Available records:
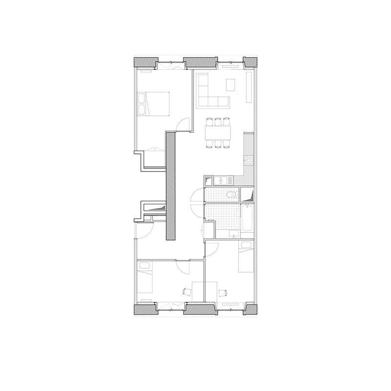 11/11 Typologie 05 | Collocation deux chambres pour quatre femmes, salle d'eau et WC mutualisés
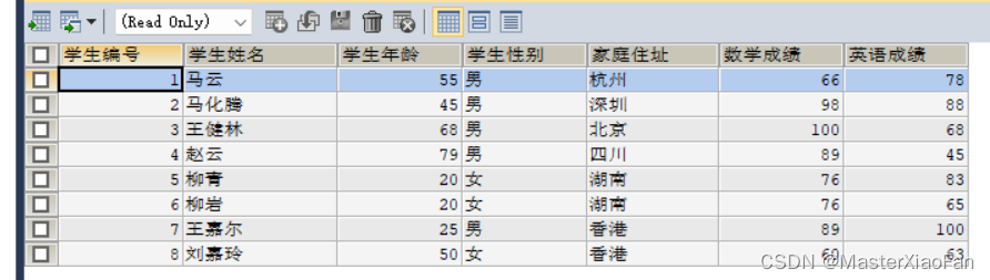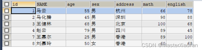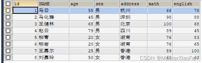 SELECT * FROM student; 表中数据结果显示如下:
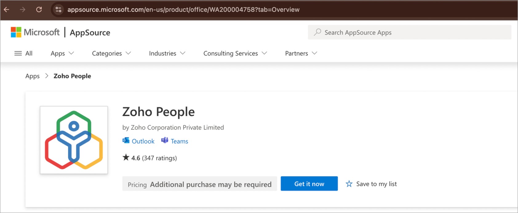 2. Install Zoho People for Microsoft Teams by clicking on Get it now.
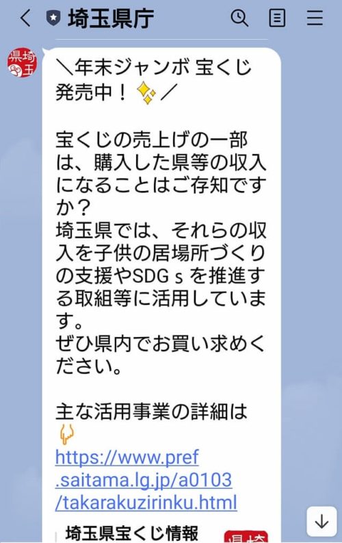 宝くじの売り上げの一部をSDGs予算に使いたいという事を、⇩ 県庁公式LINE・HPに載せてもらいました(9日午後)。
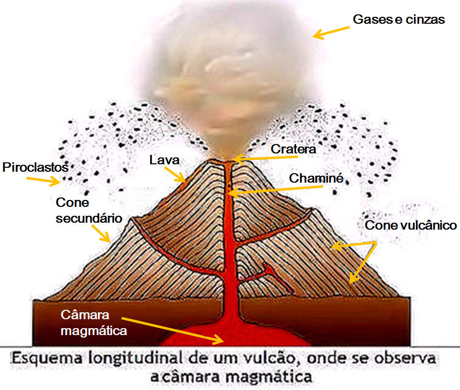 «Vulcão é uma abertura na crosta terrestre, de formato montanhoso, por onde saem magma, cinzas, gases e poeira».
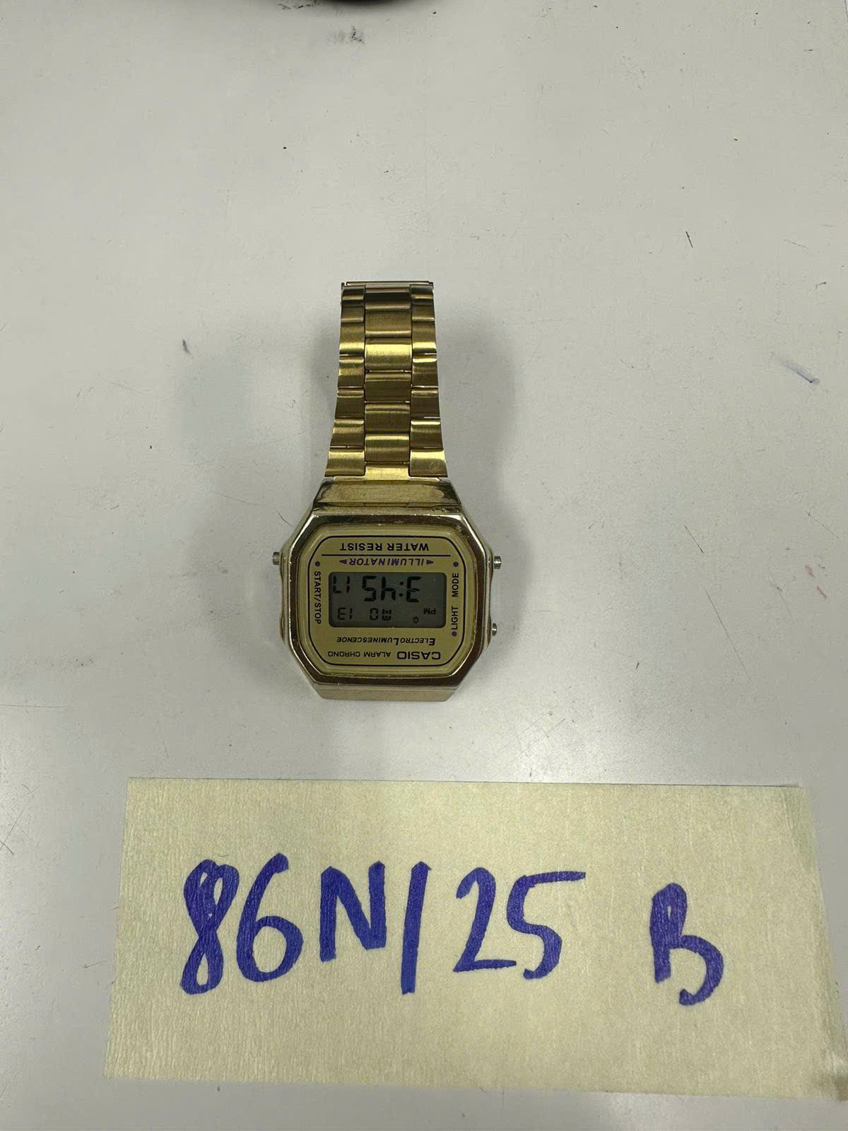 Ngày tiếp nhận: 13/01/2025 Mã hồ sơ: 86N2025B Mô tả: 01 đồng hồ điện tử màu vàng đồng, dây kim loại, có chữ "CASIO". |
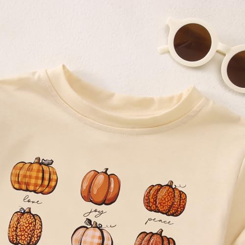 Toddler Girls Halloween Thanksgiving Shirt Cute Pumpkin Tshirt Love Joy Peace Letter Tops Spooky Season Fall Outfit 4
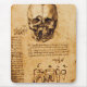 Crânio e dentes dos estudos anatômicos antigos de Leonardo da Vinci, da caneta e da tinta marrom no papel com pergaminho envelhecido velho, efeitos do grunge.

Exercise aim: Retype the records above exactly, and keep any picture out of what you write.

Result:
 11/11 Typologie 05 | Collocation deux chambres pour quatre femmes, salle d'eau et WC mutualisés
 SELECT * FROM student; 表中数据结果显示如下:
 2. Install Zoho People for Microsoft Teams by clicking on Get it now.
 宝くじの売り上げの一部をSDGs予算に使いたいという事を、⇩ 県庁公式LINE・HPに載せてもらいました(9日午後)。
 «Vulcão é uma abertura na crosta terrestre, de formato montanhoso, por onde saem magma, cinzas, gases e poeira».
 Ngày tiếp nhận: 13/01/2025 Mã hồ sơ: 86N2025B Mô tả: 01 đồng hồ điện tử màu vàng đồng, dây kim loại, có chữ "CASIO". |
 Toddler Girls Halloween Thanksgiving Shirt Cute Pumpkin Tshirt Love Joy Peace Letter Tops Spooky Season Fall Outfit 4
 Crânio e dentes dos estudos anatômicos antigos de Leonardo da Vinci, da caneta e da tinta marrom no papel com pergaminho envelhecido velho, efeitos do grunge.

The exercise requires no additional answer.